RECORDS SUPPLIED
---------------
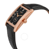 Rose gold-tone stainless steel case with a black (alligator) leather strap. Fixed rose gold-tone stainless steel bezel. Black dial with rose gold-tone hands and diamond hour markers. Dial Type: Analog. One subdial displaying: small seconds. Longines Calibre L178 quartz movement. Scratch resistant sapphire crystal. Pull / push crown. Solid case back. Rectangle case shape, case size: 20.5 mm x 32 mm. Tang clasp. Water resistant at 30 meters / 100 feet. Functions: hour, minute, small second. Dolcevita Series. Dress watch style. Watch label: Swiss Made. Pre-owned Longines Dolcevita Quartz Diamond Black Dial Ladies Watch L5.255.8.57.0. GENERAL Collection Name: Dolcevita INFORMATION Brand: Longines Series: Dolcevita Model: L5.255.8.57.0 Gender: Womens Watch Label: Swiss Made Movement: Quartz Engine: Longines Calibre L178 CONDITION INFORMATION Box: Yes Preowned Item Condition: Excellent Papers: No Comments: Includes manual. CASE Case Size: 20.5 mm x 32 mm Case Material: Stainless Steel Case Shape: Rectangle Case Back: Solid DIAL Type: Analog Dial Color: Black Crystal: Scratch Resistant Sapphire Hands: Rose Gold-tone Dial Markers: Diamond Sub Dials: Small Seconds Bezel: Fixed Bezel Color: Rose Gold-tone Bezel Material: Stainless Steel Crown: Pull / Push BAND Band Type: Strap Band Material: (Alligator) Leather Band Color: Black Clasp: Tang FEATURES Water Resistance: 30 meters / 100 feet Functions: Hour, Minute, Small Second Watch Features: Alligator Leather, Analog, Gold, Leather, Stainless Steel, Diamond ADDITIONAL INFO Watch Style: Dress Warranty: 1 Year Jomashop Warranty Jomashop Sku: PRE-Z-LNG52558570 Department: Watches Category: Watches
---------------
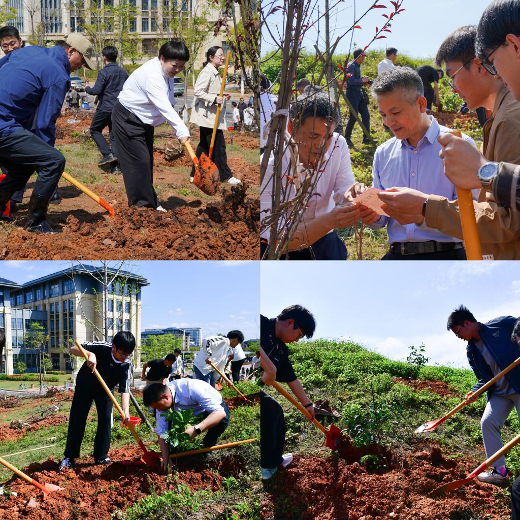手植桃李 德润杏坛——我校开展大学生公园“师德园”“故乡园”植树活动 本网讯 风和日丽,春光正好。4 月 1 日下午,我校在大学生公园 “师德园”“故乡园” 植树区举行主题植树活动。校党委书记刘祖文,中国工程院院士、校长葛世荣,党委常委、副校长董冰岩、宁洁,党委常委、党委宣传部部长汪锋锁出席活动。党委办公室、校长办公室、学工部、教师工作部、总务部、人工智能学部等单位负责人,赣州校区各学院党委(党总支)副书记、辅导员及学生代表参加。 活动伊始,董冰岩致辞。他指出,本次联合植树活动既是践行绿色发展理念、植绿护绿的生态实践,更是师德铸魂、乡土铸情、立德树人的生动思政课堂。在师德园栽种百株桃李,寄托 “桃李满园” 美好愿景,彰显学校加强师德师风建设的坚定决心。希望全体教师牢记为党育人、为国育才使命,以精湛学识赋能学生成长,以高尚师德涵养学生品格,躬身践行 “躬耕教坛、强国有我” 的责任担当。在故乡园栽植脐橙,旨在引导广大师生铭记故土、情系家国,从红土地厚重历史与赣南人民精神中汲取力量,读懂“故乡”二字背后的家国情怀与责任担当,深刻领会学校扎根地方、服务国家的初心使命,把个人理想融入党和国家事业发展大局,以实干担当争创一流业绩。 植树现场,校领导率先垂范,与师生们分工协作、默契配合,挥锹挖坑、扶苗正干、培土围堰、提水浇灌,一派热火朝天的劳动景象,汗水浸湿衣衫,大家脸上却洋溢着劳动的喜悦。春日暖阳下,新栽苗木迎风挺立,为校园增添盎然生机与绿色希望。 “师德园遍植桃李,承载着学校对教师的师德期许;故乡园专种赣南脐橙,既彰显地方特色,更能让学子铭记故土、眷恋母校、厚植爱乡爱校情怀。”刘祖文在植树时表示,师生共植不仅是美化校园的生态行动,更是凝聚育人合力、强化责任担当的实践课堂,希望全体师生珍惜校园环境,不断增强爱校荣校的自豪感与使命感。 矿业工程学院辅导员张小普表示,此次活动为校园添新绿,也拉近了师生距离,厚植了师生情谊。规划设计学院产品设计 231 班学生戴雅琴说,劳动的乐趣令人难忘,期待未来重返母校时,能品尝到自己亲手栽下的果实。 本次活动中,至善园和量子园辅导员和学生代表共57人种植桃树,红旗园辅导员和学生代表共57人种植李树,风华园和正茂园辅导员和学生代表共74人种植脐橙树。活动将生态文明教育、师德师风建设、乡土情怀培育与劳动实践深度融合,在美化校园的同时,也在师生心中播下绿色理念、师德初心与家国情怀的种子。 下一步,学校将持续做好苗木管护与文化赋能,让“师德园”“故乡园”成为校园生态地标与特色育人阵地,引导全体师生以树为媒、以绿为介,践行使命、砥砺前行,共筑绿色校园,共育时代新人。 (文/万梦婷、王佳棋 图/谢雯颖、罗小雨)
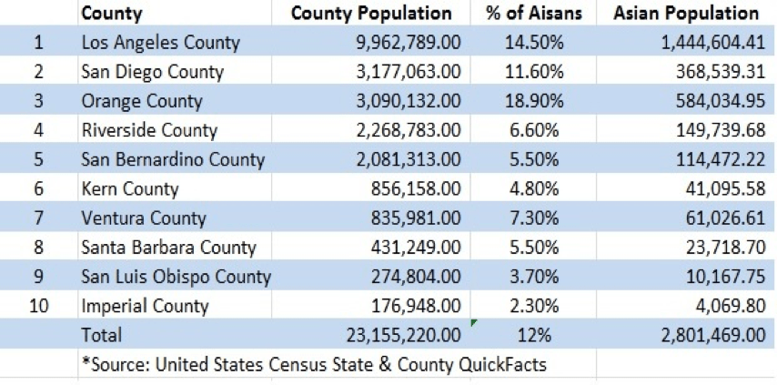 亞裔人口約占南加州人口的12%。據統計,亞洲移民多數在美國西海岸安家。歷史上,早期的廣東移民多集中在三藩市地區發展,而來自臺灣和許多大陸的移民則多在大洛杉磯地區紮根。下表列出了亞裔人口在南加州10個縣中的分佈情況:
---------------
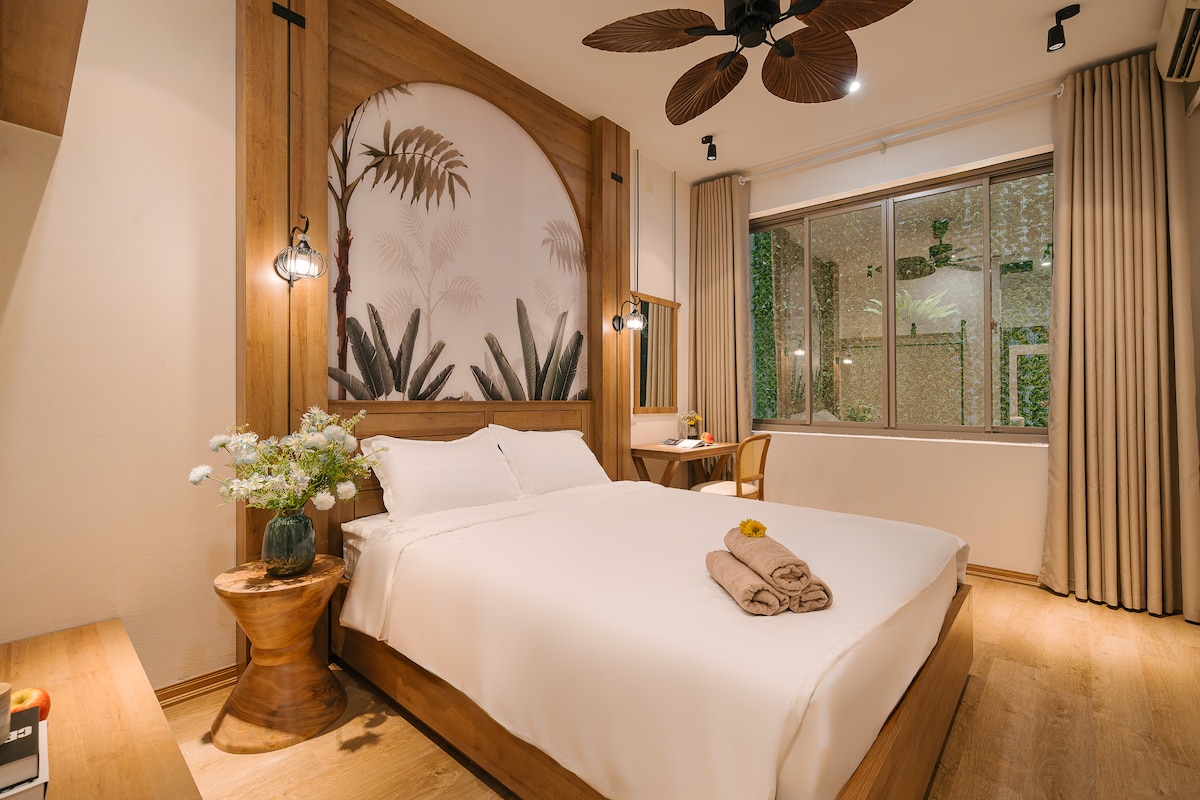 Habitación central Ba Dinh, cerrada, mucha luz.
---------------
EXERCISE DESCRIPTION
Given the listing above, retype only the span of lines from the line with "本网讯 风和日丽,春光正好。4 月" up to and including the line with "亞裔人口約占南加州人口的12", exactly as it stands and without pictures.

THE COMPLETED TASK
手植桃李 德润杏坛——我校开展大学生公园“师德园”“故乡园”植树活动 本网讯 风和日丽,春光正好。4 月 1 日下午,我校在大学生公园 “师德园”“故乡园” 植树区举行主题植树活动。校党委书记刘祖文,中国工程院院士、校长葛世荣,党委常委、副校长董冰岩、宁洁,党委常委、党委宣传部部长汪锋锁出席活动。党委办公室、校长办公室、学工部、教师工作部、总务部、人工智能学部等单位负责人,赣州校区各学院党委(党总支)副书记、辅导员及学生代表参加。 活动伊始,董冰岩致辞。他指出,本次联合植树活动既是践行绿色发展理念、植绿护绿的生态实践,更是师德铸魂、乡土铸情、立德树人的生动思政课堂。在师德园栽种百株桃李,寄托 “桃李满园” 美好愿景,彰显学校加强师德师风建设的坚定决心。希望全体教师牢记为党育人、为国育才使命,以精湛学识赋能学生成长,以高尚师德涵养学生品格,躬身践行 “躬耕教坛、强国有我” 的责任担当。在故乡园栽植脐橙,旨在引导广大师生铭记故土、情系家国,从红土地厚重历史与赣南人民精神中汲取力量,读懂“故乡”二字背后的家国情怀与责任担当,深刻领会学校扎根地方、服务国家的初心使命,把个人理想融入党和国家事业发展大局,以实干担当争创一流业绩。 植树现场,校领导率先垂范,与师生们分工协作、默契配合,挥锹挖坑、扶苗正干、培土围堰、提水浇灌,一派热火朝天的劳动景象,汗水浸湿衣衫,大家脸上却洋溢着劳动的喜悦。春日暖阳下,新栽苗木迎风挺立,为校园增添盎然生机与绿色希望。 “师德园遍植桃李,承载着学校对教师的师德期许;故乡园专种赣南脐橙,既彰显地方特色,更能让学子铭记故土、眷恋母校、厚植爱乡爱校情怀。”刘祖文在植树时表示,师生共植不仅是美化校园的生态行动,更是凝聚育人合力、强化责任担当的实践课堂,希望全体师生珍惜校园环境,不断增强爱校荣校的自豪感与使命感。 矿业工程学院辅导员张小普表示,此次活动为校园添新绿,也拉近了师生距离,厚植了师生情谊。规划设计学院产品设计 231 班学生戴雅琴说,劳动的乐趣令人难忘,期待未来重返母校时,能品尝到自己亲手栽下的果实。 本次活动中,至善园和量子园辅导员和学生代表共57人种植桃树,红旗园辅导员和学生代表共57人种植李树,风华园和正茂园辅导员和学生代表共74人种植脐橙树。活动将生态文明教育、师德师风建设、乡土情怀培育与劳动实践深度融合,在美化校园的同时,也在师生心中播下绿色理念、师德初心与家国情怀的种子。 下一步,学校将持续做好苗木管护与文化赋能,让“师德园”“故乡园”成为校园生态地标与特色育人阵地,引导全体师生以树为媒、以绿为介,践行使命、砥砺前行,共筑绿色校园,共育时代新人。 (文/万梦婷、王佳棋 图/谢雯颖、罗小雨)
 亞裔人口約占南加州人口的12%。據統計,亞洲移民多數在美國西海岸安家。歷史上,早期的廣東移民多集中在三藩市地區發展,而來自臺灣和許多大陸的移民則多在大洛杉磯地區紮根。下表列出了亞裔人口在南加州10個縣中的分佈情況:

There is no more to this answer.